In other words, the actual number of bytes that will be added to the base address of int_array depends on the type of the elements contained in the array.
For example, each element of int_array is 4 bytes.
Each element of double_array is 8 bytes.
Each element of char_array is 1 byte.
Pointers and Data Structures
Data structures are often passed as pointers. Furthermore, structs themselves can have pointer fields.
typedef struct {
int int_member1;
int int_member2;
int *ptr_member;
} my_struct;
We can create a pointer to a previously declared struct variable:
my_struct *p = &ms;
To access one of the int members, we have two choices.
The classic * operator is used for dereferencing, followed by a dot (.) for field access.
Don't forget the parentheses as the . takes precedence over the *.
There is also a shortcut: the arrow ->.
It can be used on a struct pointer to access a field.
The arrow first dereferences the pointer and then accesses the field:
p->int_member2 = 2; // s->x is a shortcut for (*s).x
Further, one can get the address of an individual struct member with the & operator.
Here we set the pointer field equal to the address of one of the integer fields:
p->ptr_member = &(p->int_member2);
In memory this example looks like that:
Then we can print all the members' values and dereference the member pointer:
printf("p->int_member1 = %d\n", p->int_member1);
printf("p->int_member2 = %d\n", p->int_member2);
printf("p->ptr_member = %p\n", p->ptr_member);
printf("*(p->ptr_member) = %d\n", *(p->ptr_member));
Pointer Chains
A pointer is a variable, so it can be itself pointed to: we can create a pointer to a pointer and by doing so construct pointer chains.
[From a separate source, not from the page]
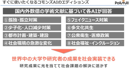 Polimill株式会社は、各専門領域で大幅に強化された行政サポート生成AI【QommonsAI】(コモンズAI)と、誰でも安心して簡単にまちづくりに参加できるSNS【Surfvote】(サーフボート)を開発・運営・提供するICTスタートアップ企業です。
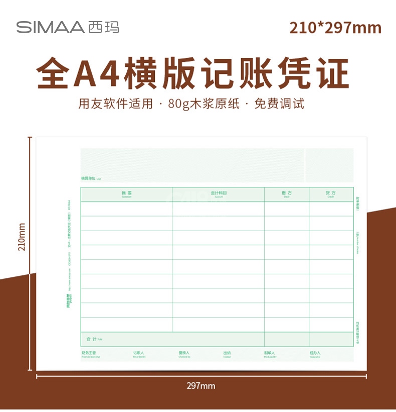 “SIMAA/西瑪”SKPJ106H A4金額記賬憑證 單箱裝(297*210mm橫版用友憑證激光打印紙500份/包2包/箱15351)

Consider this example:
int value = 42; // integer
int *ptr1 = &value; // pointer of integer
int **ptr2 = &ptr1; // pointer of pointer of integer
int ***ptr3 = &ptr2; // pointer of pointer of pointer of integer
printf("ptr1: %p, *ptr1: %d\n", ptr1, *ptr1);
printf("ptr2: %p, *ptr2: %p, **ptr2: %d\n", ptr2, *ptr2, **ptr2);
printf("ptr3: %p, *ptr3: %p, **ptr3: %p, ***ptr3: %d\n", ptr3, *ptr3,
**ptr3, ***ptr3);
In memory, we have a layout as follows:
Here we have a value, and we create a first pointer to it.
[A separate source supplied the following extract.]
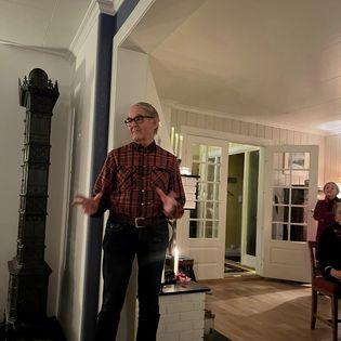 Denne kvelden fikk vi flere innslag, først fra Vigdis som fortalte om gården og dens historie langt langt tilbake i tid. Her er det gjort flere arkeologiske funn fra ulike tidsepoker og Even viste frem noen av funnene han selv hadde gjort. Videre fortalte Even oss om bevere i elva nedenfor.

Then we have a second pointer pointing to the first one.
The type of this pointer of pointer is int **, which means pointer of pointer of int.
We also create a pointer of pointer of pointer to int, int ***.
Note in the code the use of several star operators for dereferencing pointers of pointers.
For example, **ptr2 means accessing the value that is pointed to by what is pointed to by ptr2.
In other words, a first * gives us access to ptr1, and a second gives us access to val.
Pointers of pointers are useful to create dynamically allocated arrays, as we will see next.